To quote the Air Force: Aim high!
So what’s the correlation between increases in defense contract spending and program cost overruns? Are they proportionate? Unrelated? Are they just fun facts for the Tom Daschles of the world who choose not to pay their taxes?
The defense contracting spree is probably no surprise given operations in Iraq and Afghanistan. The services also have been upgrading equipment. But the cost overruns, well, they are big and they are plentiful. Call us simplistic, but aren’t the overruns killing some badly needed programs?
Here are some examples of Gear Gone Wild:
• DDG 1000. The most stunning might be the Navy’s USS Zumwalt, though we prefer to call Uncle Elmo’s namesake “the flipped ship to nowhere.” Costs have ballooned a reported 550 percent with the cost per ship recently estimated at $3.3 billion. However, the move to stop the bleeding at just three ships has shot costs to nearly $6 billion per vessels. Options are under review. Fathom that one.
• LCS. The Navy’s littoral combat ship (LCS) program, a perennial fave and offender, has watched costs go from the overly optimistic bids of $220 million to $550 million or more a ship.
• F-22. The Air Force’s Raptor clocks in at $361 million per aircraft according to the GAO or $140 million a bird (depending on accounting method). Either way, “Rapture” could break the bank, even if the bank prez is the U.S. Air Force.
• MRAP. It was recently reported that the Few and the Proud might have spent too much on their mine-resistant ambush-protected vehicles. The DoD inspector general found that the Marine Corps Systems Command failed to determine if the pricing was “fair and reasonable” when it awarded a number of firm-fixed price contracts. (Each service has had issues with procuring these vehicles pushed by Big Brother at OSD.)

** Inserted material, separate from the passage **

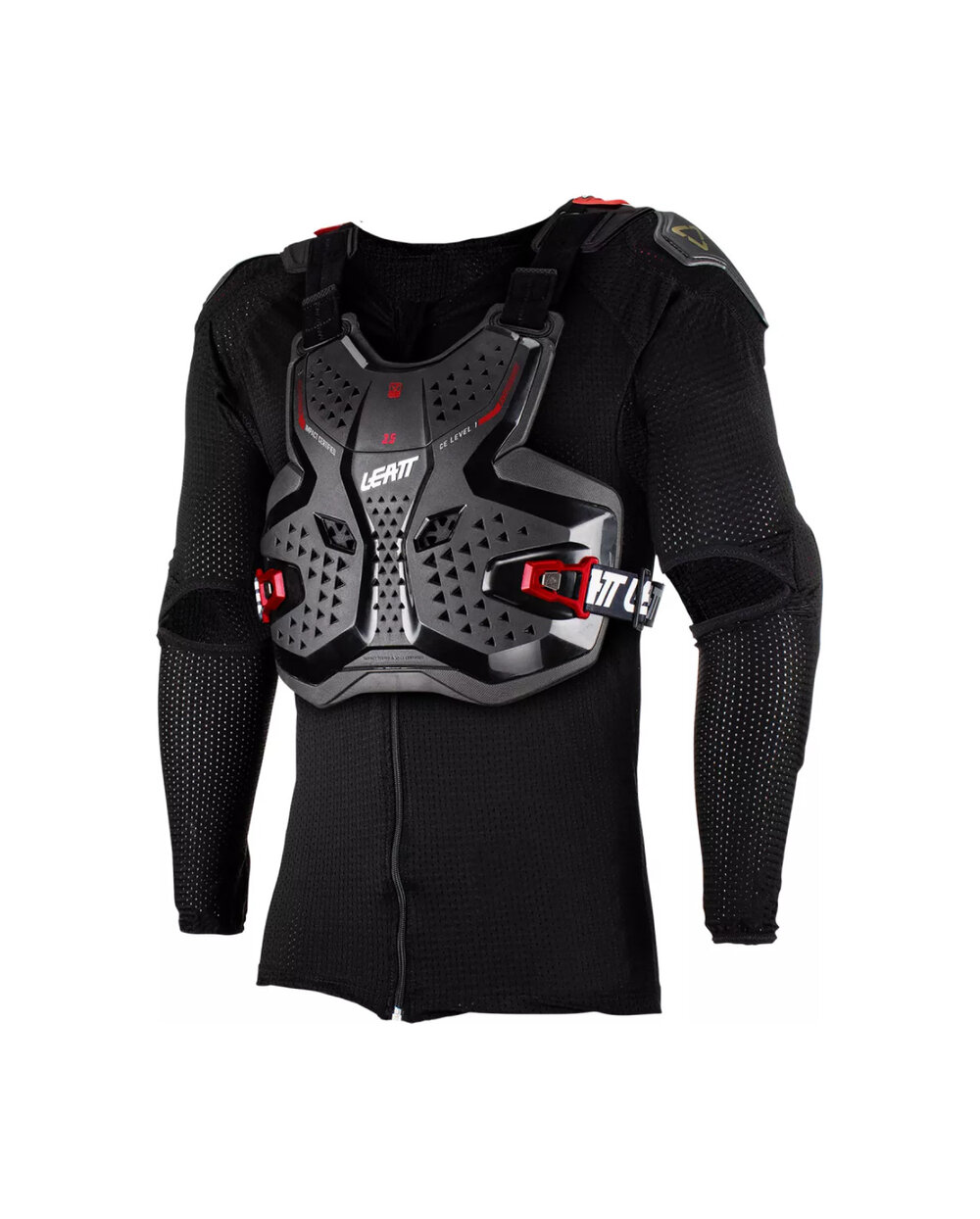 3.5 points Protector Junior is a new product for 2023, comes in 2 pieces, the first is a zip compression suit with built -in shoulder and elbow protectors and height -adjustable kidney belt, the second is a whole shell. CE chest and back protector certified for impacts.

• Marine One. Lockheed Martin Corp. is over budget on the presidential helicopter, a contract it won against odds-on favorite Sikorsky. The contract for a fleet of 28 Marine One birds started at $6.1 billion. But there has been trouble in paradise, and delays and engineering issues have pushed the program at least 50 percent over budget, according to The Wall Street Journal and other outlets. The article cites that the Navy, which oversees the contract, has been going at it with Lockheed over “hundreds” of changes. Though not a service that typically embraces change, the Navy loves to alter specs and dollars be damned! (See LCS above.)
• Growler. This Marine Corps’ vehicle, which looks more like a Leisure World cart (or the recycled M151 jeep that it appears to be), is 120 percent over budget. Costs for the vehicle went from $94,000 to $209,000. But the real money is in the trailer Growler needs to transport (get this) mortars and ammo. Costs jumped 86 percent from $579,000 to more than a million. We doubt these things will see action in Iraq or Afghanistan, but could end up on base golf courses around the United States.
“Damn the dollars and aim high,” said the few and the proud as the Army kept rolling along.